DATA →
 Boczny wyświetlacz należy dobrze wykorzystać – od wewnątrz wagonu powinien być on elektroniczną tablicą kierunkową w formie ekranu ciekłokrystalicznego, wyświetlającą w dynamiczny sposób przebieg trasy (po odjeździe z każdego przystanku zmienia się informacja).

* * *

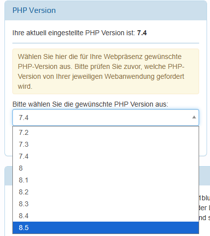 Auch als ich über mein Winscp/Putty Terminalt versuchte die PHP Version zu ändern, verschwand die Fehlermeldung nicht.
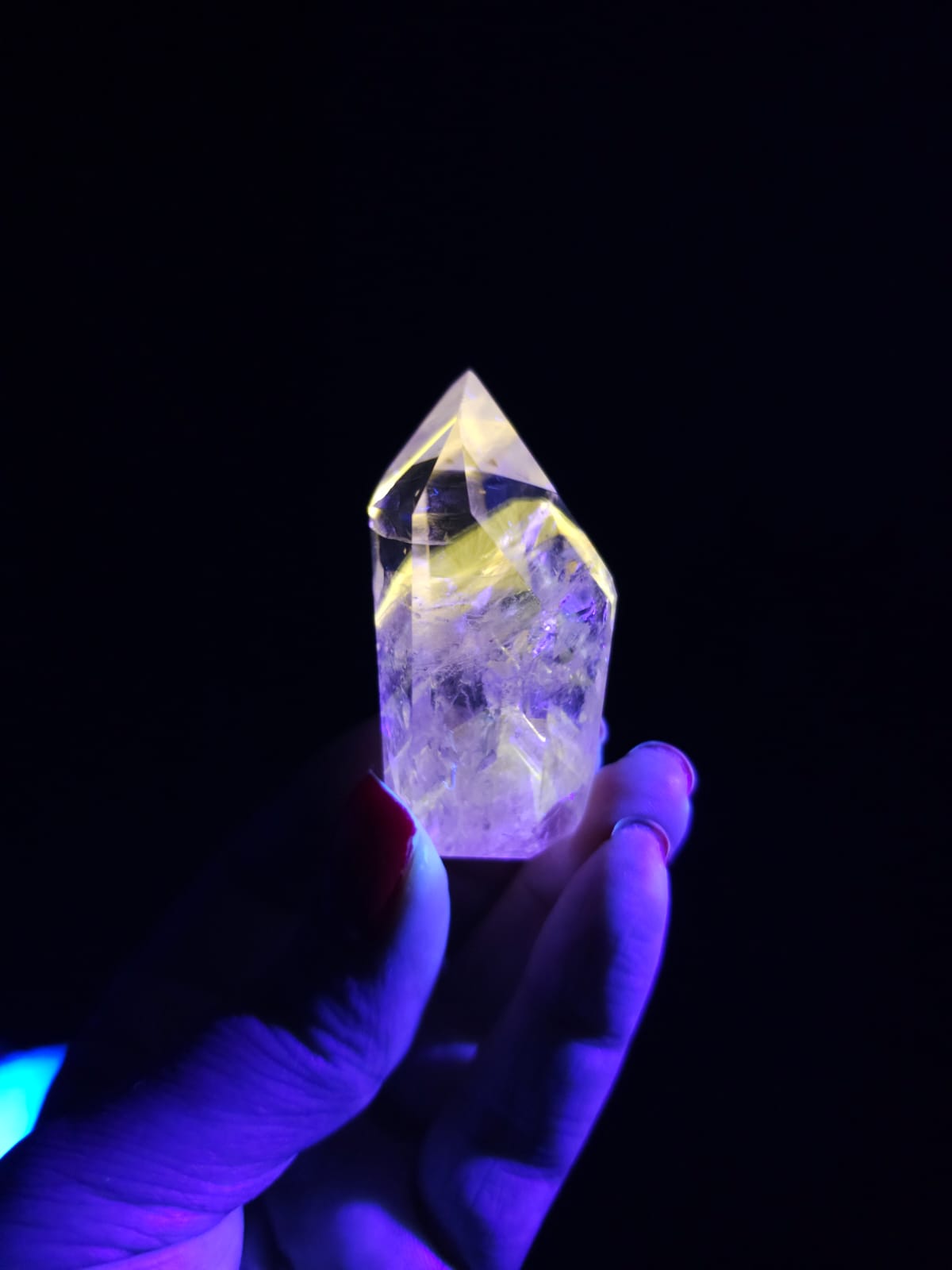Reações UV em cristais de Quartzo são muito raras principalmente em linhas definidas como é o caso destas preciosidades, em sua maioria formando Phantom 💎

* * *

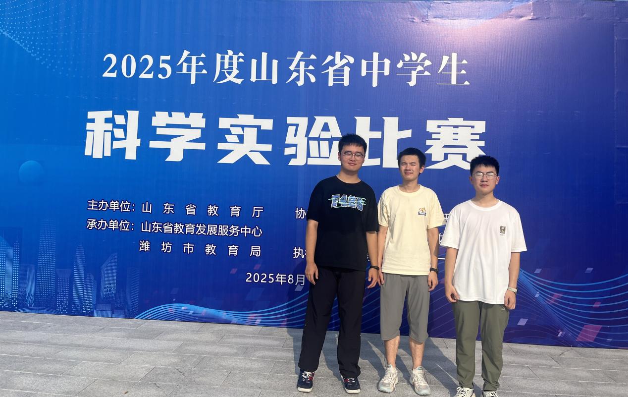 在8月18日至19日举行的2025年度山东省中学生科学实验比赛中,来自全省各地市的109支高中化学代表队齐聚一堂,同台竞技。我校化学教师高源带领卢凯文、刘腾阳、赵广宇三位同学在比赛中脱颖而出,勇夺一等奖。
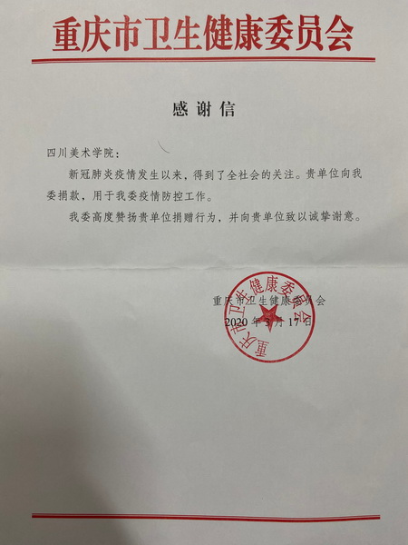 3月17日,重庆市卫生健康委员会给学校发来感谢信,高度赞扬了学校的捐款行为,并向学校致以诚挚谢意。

TASK REQUIREMENTS →
Look above for the line with "Auch als ich" and the line with "Reações UV em"; set down those two lines and all lines between them exactly, without pictures and without anything else.

EXERCISE OUTPUT →
 Auch als ich über mein Winscp/Putty Terminalt versuchte die PHP Version zu ändern, verschwand die Fehlermeldung nicht.
Reações UV em cristais de Quartzo são muito raras principalmente em linhas definidas como é o caso destas preciosidades, em sua maioria formando Phantom 💎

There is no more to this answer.